There are very real, very serious problems in our world of social organisation. I need not show the litany of failure people across the spectrum preside over equally and unanimously having being given the power to do so. We created it all. It belongs to us. We cannot escape it. It is ours entirely. The problems stem from these competing images we prefer to use instead of going to the root. It is cosier to use images, in the short term. We uses these images to point at these very real problems, without taking the risk of being seen to move against the collective authentically. They are metaphors for very real world problems in the form of an escape route - we can 'point' at the problem and just walk away from it with impunity.

Now, conspiracy theory. What of it? Do we create a new image of the world, as a conspiracy theory, as the only way we have of pointing at these very serious problems? After all we know they are there. We just do not, can not, have the language to describe them. So we create an image of the thing, a metaphor, to 'transfer' meaning from the root, into the material world where we can at least have a small chance of attending to it, finally.

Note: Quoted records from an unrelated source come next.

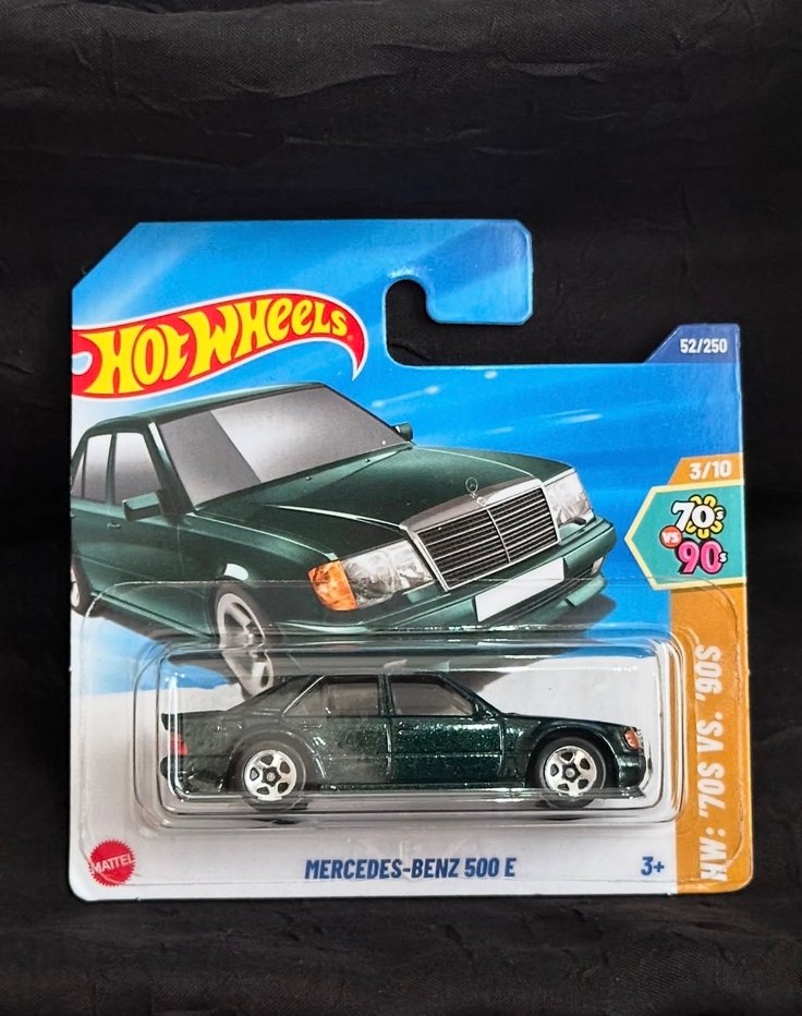 %100 kondisyonlu kartonet. Koyu yeşil Hot Wheels oyuncak araba, Mercedes-Benz 500 E modelidir. '70ler vs '90ler serisine ait, 3 yaş ve üzeri için uygundur.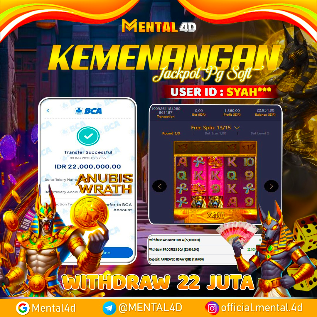Selamat kepada user id : SYAH*** telah berhasil mendapatkan kemenangan besar pada permainan SLOT ANUBIS WRATH sejumlah Rp 22,000,000,-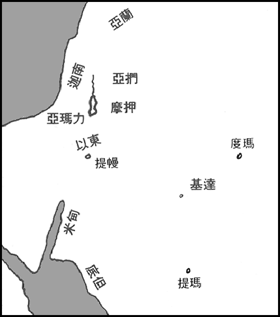 我在上图粗略地绘出,与这些不同民族有关的在巴勒斯坦邻近的位置。显然由地理与种族观点看来,迦南人应当在他们当中;但是要记得,由于希伯来人的成见,他们在第九章和第十章却被列为含族或非洲人。这应当提醒我们,在这些名单中所保存的数据,不只有价值而且有时也有偏见的。(参看九20-29──关于希伯来民族表的思想的注释。)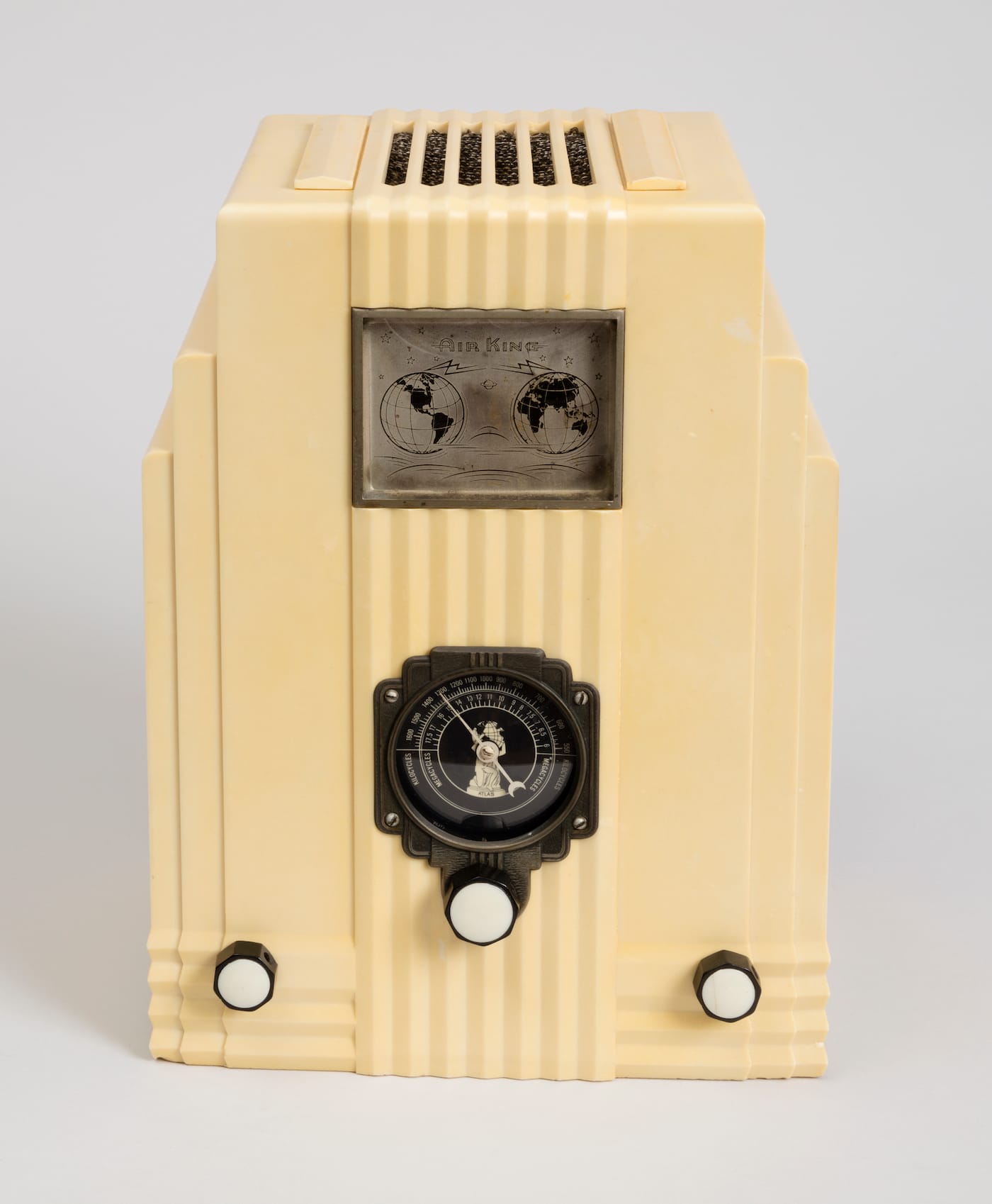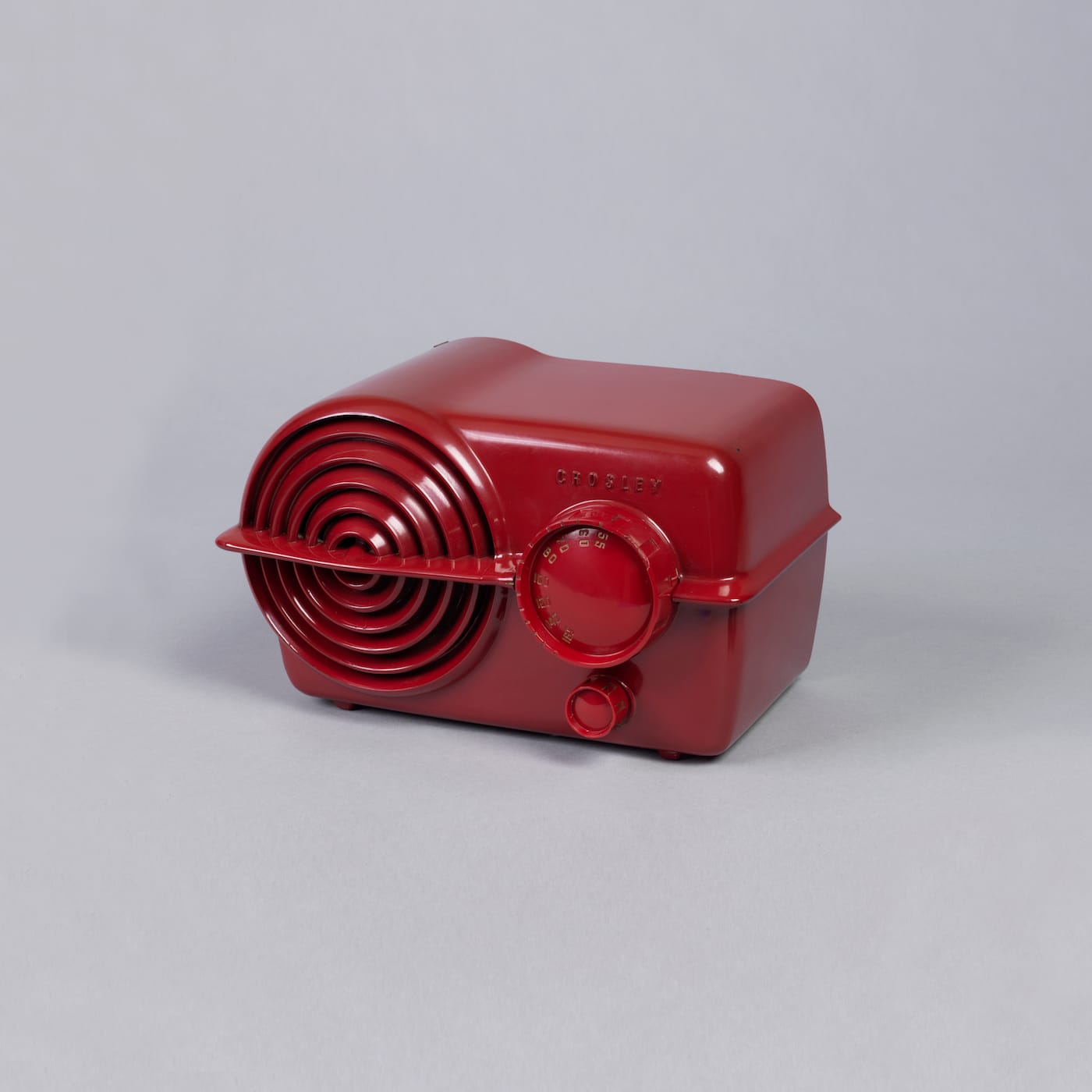 When Dragonette debuted on NBC in 1927, some well-heeled listeners may have heard her voice in their specially devoted radio rooms, like the one shown in a 1927 photograph of pianist Adèle Reifenberg’s apartment. As the decades went on, radios became more compact and affordable, and the examples in The World of Radio go up to the 21st century, such as the 2008 Etón FR 600, intended for emergency use or radio access without power. While that need for connection links all the models, there are aesthetic trends that signal different eras: The 1935 Skyscraper Radio, designed by Harold L. van Doren and John Gordon, has compression-molded plastic angular architecture; the 1950s Crosely radios have speakers that reference the shapes of curvy automobile grilles; and the 1961 Tischsuper RT 20, designed by Dieter Rams, has a minimalist style and a boxy shape combining metal, wood, and plastic.

It's at least a stab, in the dark.

So to discount conspiracy theory as only for tin foil hat wearers is a terrible mistake, if, we want to understand the world more fully. Because these theories might point indirectly at the root, in the only way they can, as an image. Of course there are also conflicting conspiracy theories. These too end up reinforcing a world full of conflict. But to be fair, that is no worse than all the other images is it? And at least it is taking a bold stride into the unknown where there are large risks and no guarantees - becoming the hero in ones own adventure.

I don't mean you should start believing conspiracy theory at all. I do mean that a wise old man would use all these images, as having the same eventual meaning, and without creating conflict between them, as a map leading to the unified source - the real world were things actually happen.

There are so many images. Many have the same meaning. At their source they are not different. In creating the differing images we merely use different colours and brush strokes to convey the same meaning in our own way. When they become normalised socially they gain importance and we fight over them as if they are the root. But they are just images of the root.

Perhaps, conspiracy theory is the first step for anyone who is deadly serious about the world, in returning to the source of the bubbling spring, which has been tended so well.

* See C.G. Jung and 'Visionary Rumours'.